BEGIN Data

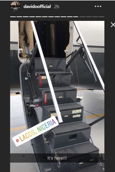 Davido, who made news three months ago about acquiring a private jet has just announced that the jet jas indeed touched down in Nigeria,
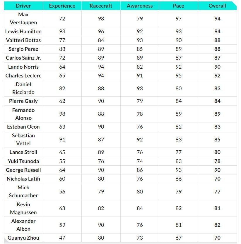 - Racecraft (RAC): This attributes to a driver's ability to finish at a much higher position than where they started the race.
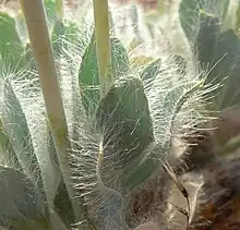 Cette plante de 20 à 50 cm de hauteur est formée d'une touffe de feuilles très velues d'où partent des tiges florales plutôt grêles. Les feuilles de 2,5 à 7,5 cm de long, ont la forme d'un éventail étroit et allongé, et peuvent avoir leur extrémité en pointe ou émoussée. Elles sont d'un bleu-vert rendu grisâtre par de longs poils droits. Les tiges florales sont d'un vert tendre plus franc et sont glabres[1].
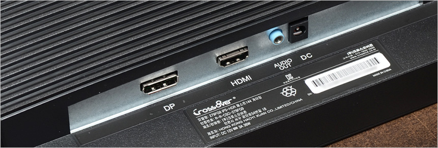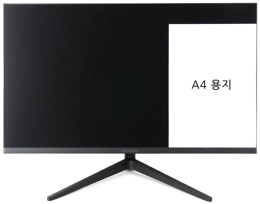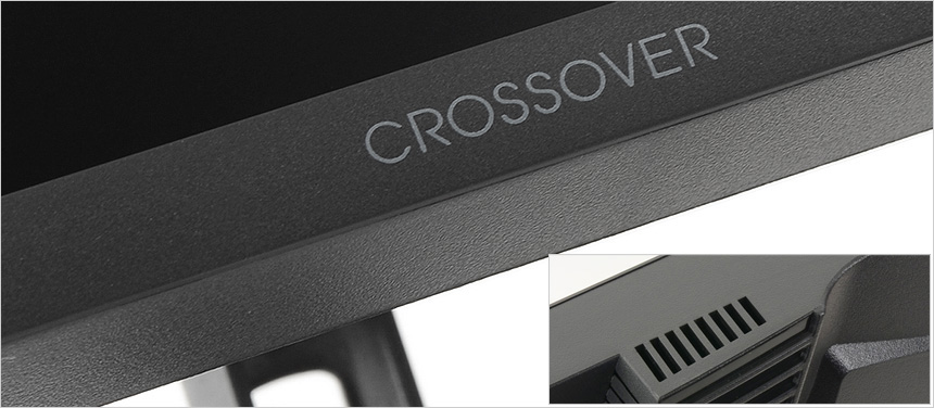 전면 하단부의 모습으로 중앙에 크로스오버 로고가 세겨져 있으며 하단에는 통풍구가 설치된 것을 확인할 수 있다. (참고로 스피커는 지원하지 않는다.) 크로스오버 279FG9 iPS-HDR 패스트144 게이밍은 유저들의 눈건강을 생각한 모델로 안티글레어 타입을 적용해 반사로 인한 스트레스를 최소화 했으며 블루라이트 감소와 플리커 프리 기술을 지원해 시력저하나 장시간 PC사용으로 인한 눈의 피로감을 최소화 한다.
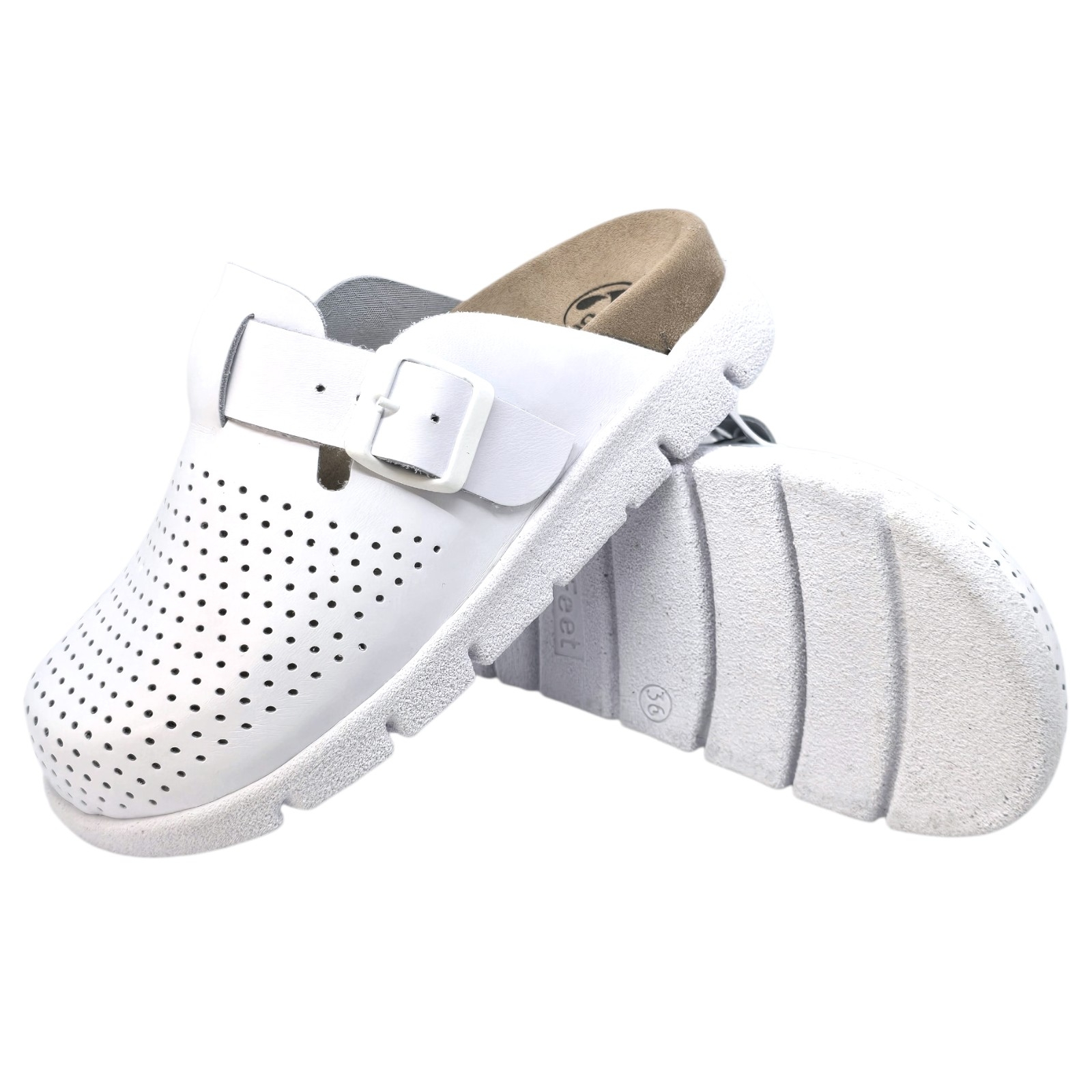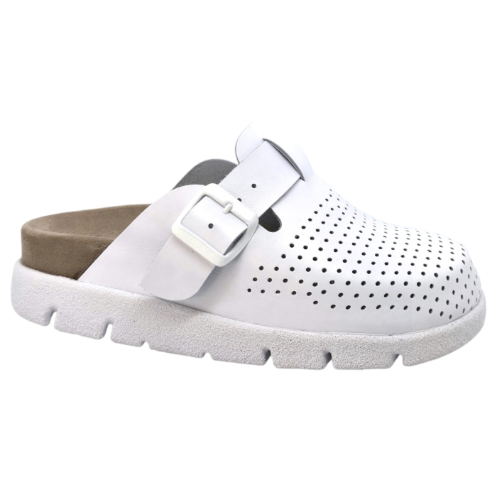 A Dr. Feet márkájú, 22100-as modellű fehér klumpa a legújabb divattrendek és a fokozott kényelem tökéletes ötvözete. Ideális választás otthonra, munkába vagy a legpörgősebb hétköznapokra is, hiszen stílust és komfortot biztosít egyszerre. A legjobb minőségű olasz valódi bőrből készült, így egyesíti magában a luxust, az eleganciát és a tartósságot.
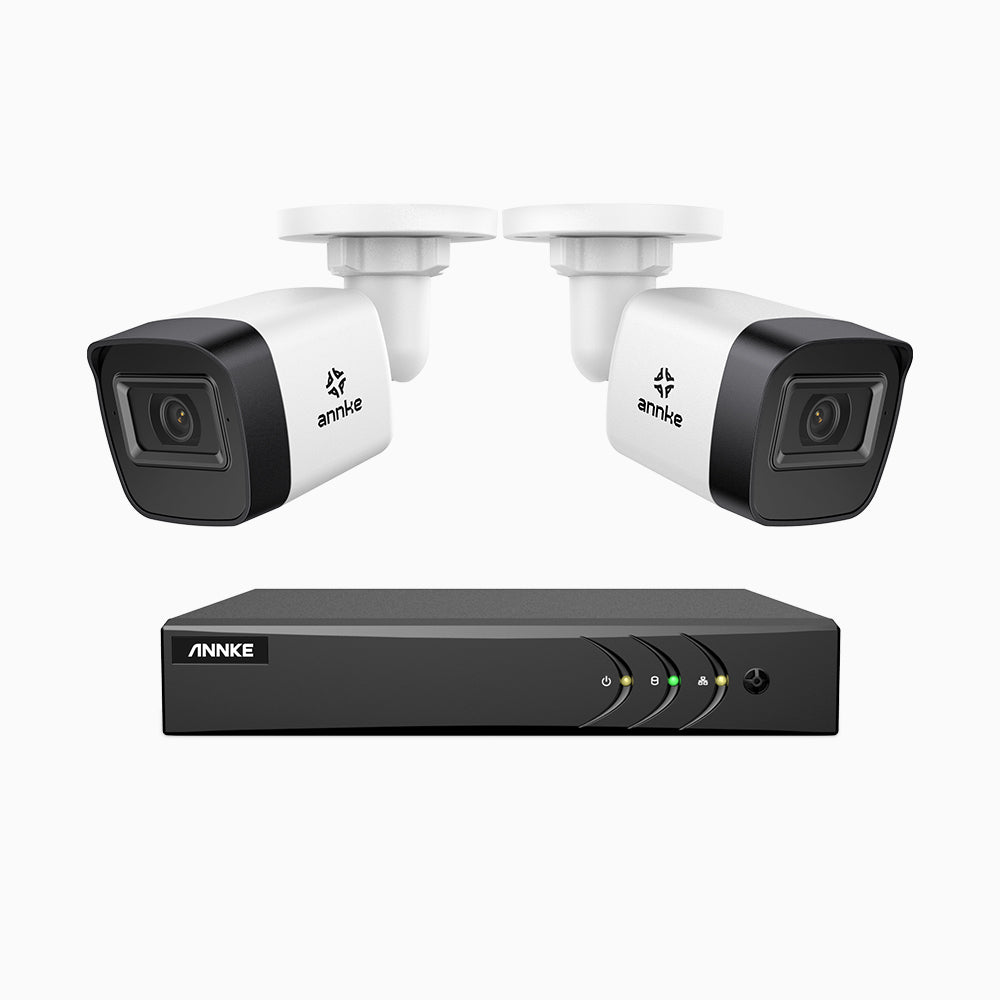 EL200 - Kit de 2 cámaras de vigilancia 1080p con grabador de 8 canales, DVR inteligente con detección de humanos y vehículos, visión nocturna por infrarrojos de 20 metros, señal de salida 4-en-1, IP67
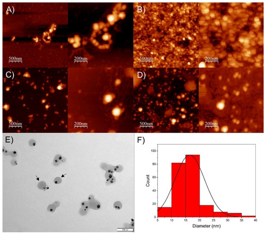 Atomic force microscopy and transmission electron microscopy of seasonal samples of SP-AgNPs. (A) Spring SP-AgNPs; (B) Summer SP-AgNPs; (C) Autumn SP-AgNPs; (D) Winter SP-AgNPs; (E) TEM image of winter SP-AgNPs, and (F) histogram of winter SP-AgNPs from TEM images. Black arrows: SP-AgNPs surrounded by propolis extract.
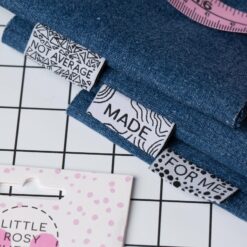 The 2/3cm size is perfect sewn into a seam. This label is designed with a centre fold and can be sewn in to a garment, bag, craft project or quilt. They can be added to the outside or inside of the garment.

END Data

◆ **Required work**
A word-for-word copy of the lines from the one with "- Racecraft (RAC): This" through the last line of the data above is required, with both end lines included and no pictures.

◆ **Expected output**
 - Racecraft (RAC): This attributes to a driver's ability to finish at a much higher position than where they started the race.
 Cette plante de 20 à 50 cm de hauteur est formée d'une touffe de feuilles très velues d'où partent des tiges florales plutôt grêles. Les feuilles de 2,5 à 7,5 cm de long, ont la forme d'un éventail étroit et allongé, et peuvent avoir leur extrémité en pointe ou émoussée. Elles sont d'un bleu-vert rendu grisâtre par de longs poils droits. Les tiges florales sont d'un vert tendre plus franc et sont glabres[1].
 전면 하단부의 모습으로 중앙에 크로스오버 로고가 세겨져 있으며 하단에는 통풍구가 설치된 것을 확인할 수 있다. (참고로 스피커는 지원하지 않는다.) 크로스오버 279FG9 iPS-HDR 패스트144 게이밍은 유저들의 눈건강을 생각한 모델로 안티글레어 타입을 적용해 반사로 인한 스트레스를 최소화 했으며 블루라이트 감소와 플리커 프리 기술을 지원해 시력저하나 장시간 PC사용으로 인한 눈의 피로감을 최소화 한다.
 A Dr. Feet márkájú, 22100-as modellű fehér klumpa a legújabb divattrendek és a fokozott kényelem tökéletes ötvözete. Ideális választás otthonra, munkába vagy a legpörgősebb hétköznapokra is, hiszen stílust és komfortot biztosít egyszerre. A legjobb minőségű olasz valódi bőrből készült, így egyesíti magában a luxust, az eleganciát és a tartósságot.
 EL200 - Kit de 2 cámaras de vigilancia 1080p con grabador de 8 canales, DVR inteligente con detección de humanos y vehículos, visión nocturna por infrarrojos de 20 metros, señal de salida 4-en-1, IP67
 Atomic force microscopy and transmission electron microscopy of seasonal samples of SP-AgNPs. (A) Spring SP-AgNPs; (B) Summer SP-AgNPs; (C) Autumn SP-AgNPs; (D) Winter SP-AgNPs; (E) TEM image of winter SP-AgNPs, and (F) histogram of winter SP-AgNPs from TEM images. Black arrows: SP-AgNPs surrounded by propolis extract.
 The 2/3cm size is perfect sewn into a seam. This label is designed with a centre fold and can be sewn in to a garment, bag, craft project or quilt. They can be added to the outside or inside of the garment.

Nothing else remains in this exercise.